Applications such as wireless, networking, multimedia and microprocessor are typical targets for acceleration and emulation. Here, focused automatic test generation must often be employed to adequately represent the complexity of real-world usage models. Those models might not represent real-world conditions, and the resulting test-sets are so large, that a traditional software simulator would require run-times of weeks, perhaps months. Simulation acceleration and emulation make it possible to complete testing in an acceptable amount of time. Figure 1 shows the time required to run ¼ second of real networking traffic using software simulation, simulation acceleration and emulation.

High-performance verification systems can be used for verification of both the chip and its operational or system diagnostic software. This hardware software co-verification can either be done in simulation acceleration mode, where the testbench is executed on the workstation, or in emulation mode using a target connection to external hardware to provide the stimulus. Both methods provide higher run-time performance compared to software simulation tools, and allow designers to test the embedded software with the RTL hardware design much earlier in the project.

Historically, simulation acceleration and emulation systems have provided highperformance, but have lacked the flexibility and ease of integration with valuable simulation tools such as the ability to perform coverage analysis. Coverage is commonly used with software simulators to provide an objective measure of test coverage and thus identify unverified parts of a design that may contain bugs. Axis has overcome this drawback by providing a verification platform that runs and feels just like a software simulator. This new class of acceleration and emulation systems provides the necessary flexibility and ease of integration to run all of the commonly used simulation applications on a high-performance hardware platform.


APPLYING COVERAGE TO SIMULATION ACCELERATION AND EMULATION

Coverage is commonly accepted in the electronics industry today as part of the logic simulation verification flow. Companies are using coverage to:

  • Provide an objective measure of verification completeness and quality.
  • Assist in the creation of test cases by focusing on uncovered areas of the design.
  • Prioritize tests according to their effectiveness, enabling the construction of efficient regression suites.

As can be readily appreciated, many of the benefits of coverage analysis apply equally to simulation acceleration and emulation. However, the traditional techniques used for coverage collection with software simulators do not easily leverage the performance provided by hardwarebased verification tools. For example, many coverage tools use the PLI (Verilog) and FLI (VHDL) interfaces during the simulation of a design. Even though the Axis supports PLI, using it often during simulation decreases overall execution speed. The coverage solution should limit the use of PLI to the start and end of simulation to take full advantage of the hardware-assisted performance.
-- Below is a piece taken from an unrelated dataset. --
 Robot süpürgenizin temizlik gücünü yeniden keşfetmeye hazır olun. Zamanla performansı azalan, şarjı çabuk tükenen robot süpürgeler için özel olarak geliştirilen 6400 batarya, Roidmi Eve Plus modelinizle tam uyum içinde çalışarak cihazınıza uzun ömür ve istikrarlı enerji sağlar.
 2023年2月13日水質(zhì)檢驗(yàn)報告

In software simulation, coverage tools insert counters and signals into the design for coverage. These constructs increase the simulation's memory footprint, but between real and virtual memory the simulation is able to easily manage the memory usage and has little impact on the user of coverage. For the software simulator, coverage's impact on performance is a critical factor. For acceleration and emulation, the registers and signals added by coverage have little or no impact on the run-time performance of the design, but do have an impact on capacity. If coverage adds too much logic and the design cannot fit into the hardware resources then coverage cannot be performed and valuable data cannot be obtained.
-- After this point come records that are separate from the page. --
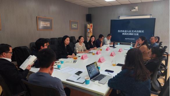 10月19日,人民美术出版社品牌中心张钟心副主任一行到我校调研座谈。教务处、科学技术处、美术学院、设计学院、影视学院、高职学院领导及部分骨干教师参加座谈。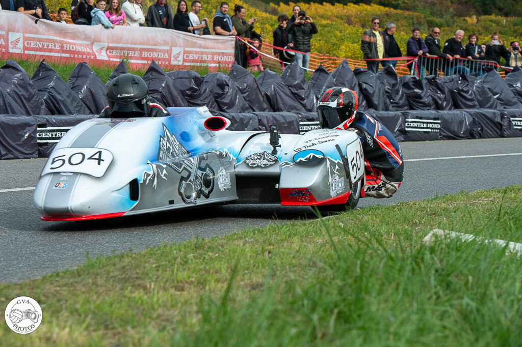 6e, c’est le duo Yvan Vittoz et Cyril Vinet en side-car avec 46.74, 7e Vincent Gysler qui n’a fait que deux montées chrono, le reste du week-end il officiait comme adjoint directeur de course, belle performance. 8e, Julien Haenggenli était invité le dimanche. Champion suisse de supermotard, il roulait une TM Racing engagée en mondial. 9e Yann Gysler qui n’a fait qu’une montée avec sa moto le dimanche en 47.80. Et enfin 10e, Stéphane Monaya 47.91, un scooter pour s’incruster au classement.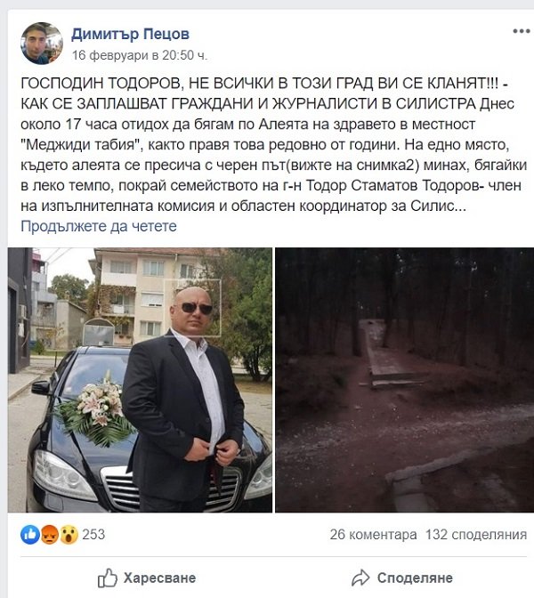 „ГОСПОДИН ТОДОРОВ, НЕ ВСИЧКИ В ТОЗИ ГРАД ВИ СЕ КЛАНЯТ!!! - КАК СЕ ЗАПЛАШВАТ ГРАЖДАНИ И ЖУРНАЛИСТИ В СИЛИСТРА Днес около 17 часа отидох да бягам по Алеята на здравето в местност "Меджиди табия", както правя това редовно от години. На едно място, където алеята се пресича с черен път(вижте на снимка2) минах, бягайки в леко темпо, покрай семейството на г-н Тодор Стаматов Тодоров- член на изпълнителната комисия и областен координатор за Силистра на ПП ГЕРБ. Докато минавах покрай тях, изведнъж г-н Тодоров се нахвърли върху мене физически и опита да ме сграбчи с ръце. След кратка физическа схватка успях да се измъкна и застанах на около 1 метър от него. Той пак тръгна мене и започна да ме кани по любезно и оказа се лицемерно, към тях. Аз приближих да чуя какво има да ми каже. Тогава той изведнъж започна да ме дърпа грубо с едната си ръка и да сочи към жена си Елица Тодорова - общински съветник от ГЕРБ от този мандат, и с пяна на уста да ми крещи - как щял да ме смачка: "Ето я жена ми, майката на моите деца(те двете деца също бяха там), ето пиши за нея...ЩЕ ТЕ СМАЧКАМ, ЕЙ, ЧУ ЛИ! ЩЕ СМАЧКАМ, КАТО СВЪРШИ ПОЛИТИКАТА, ЧУ ЛИ! ПЪРВО ТЕБЕ ЩЕ СМАЧКАМ! ЧУ ЛИ! ..
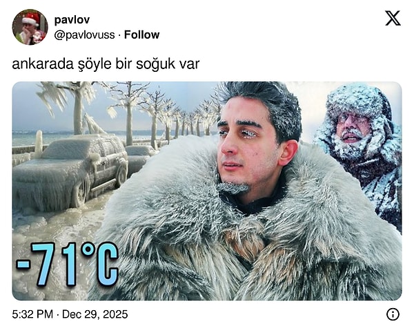 Biliyorsunuz en ufak polemikte bile ikiye bölünebilen sosyal medyada kışçılar yazcılar diye bir ayrım başladı. Tabii havaların soğumasıyla kışçılara da gün doğdu. Okulların tatil edilmesi, ülkenin neredeyse yarısının karla kaplanması derken soğuklar da X'in en önemli gündem maddesi oldu. Pek çok kişi temsili görsellerle soğukları anlattı. Bakalım mizahşörler soğuklara nasıl tepki vermiş?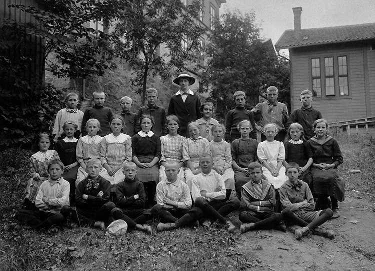 Lärarinnan Elin Berntsson med sin skolklass 1910 (bilden tagen våren 1911).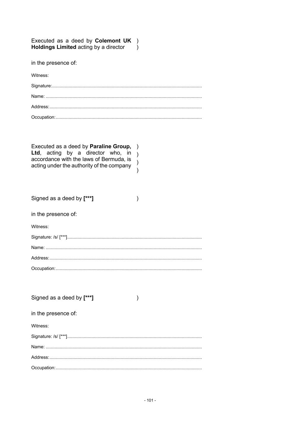 - 101 - Executed as a deed by Colemont UK Holdings Limited acting by a director in the presence of: ) ) Witness: Signature: ...................................................................................................................... Name: ........................................................................................................................... Address: ........................................................................................................................ Occupation: ................................................................................................................... Executed as a deed by Paraline Group, Ltd, acting by a director who, in accordance with the laws of Bermuda, is acting under the authority of the company ) ) ) ) Signed as a deed by [***] in the presence of: ) Witness: Signature: /s/ [***] .......................................................................................................... Name: ........................................................................................................................... Address: ........................................................................................................................ Occupation: ................................................................................................................... Signed as a deed by [***] in the presence of: ) Witness: Signature: /s/ [***] .......................................................................................................... Name: ........................................................................................................................... Address: ........................................................................................................................ Occupation: ...................................................................................................................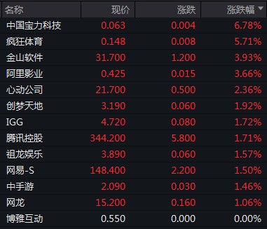 遊戲概念股拉漲,中國寶力科技漲逾 6%,瘋狂體育漲逾 5%。

TransEDA addresses these special needs by shifting the optimization focus from simulation speed to hardware capacity. The result is a common tool with a common database format that provides optimized coverage for both software simulation and simulation acceleration and emulation systems.


TRANSEDA'S VN-CoverT EMULATOR

TransEDA is helping its customers to meet the challenges of verification by enhancing the VNCover T Coverage Analysis product to provide coverage on acceleration and emulation platforms. This industry-first solution provides integration with current hardware-based and software-based workflows and debug environments. The result is that users can improve the effectiveness of high-performance verification tools and ensure the completeness of the verification process by quickly generating the coverage data that they need.
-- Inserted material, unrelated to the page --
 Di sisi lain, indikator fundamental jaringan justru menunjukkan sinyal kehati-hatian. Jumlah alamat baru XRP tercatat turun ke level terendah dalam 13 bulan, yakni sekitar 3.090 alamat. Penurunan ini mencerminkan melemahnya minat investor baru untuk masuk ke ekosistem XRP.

Supported coverage metrics

VN-Cover supports a number of coverage metrics for simulation acceleration and emulation systems. They can be divided into the following types:

  • Code based metrics such as statement and branch that report on specific HDL language constructs
  • FSM-based metrics such as FSM State and Arc that report on design behavior

Statement Coverage

Statement coverage identifies which statements contained within conditional blocks were executed during simulation. Statement coverage provides similar information to branch coverage, but the importance of a statement coverage is that it provides a measure of the importance of a module. For example, a module containing ten statements has twice the weight and hence the importance of a module with five statements.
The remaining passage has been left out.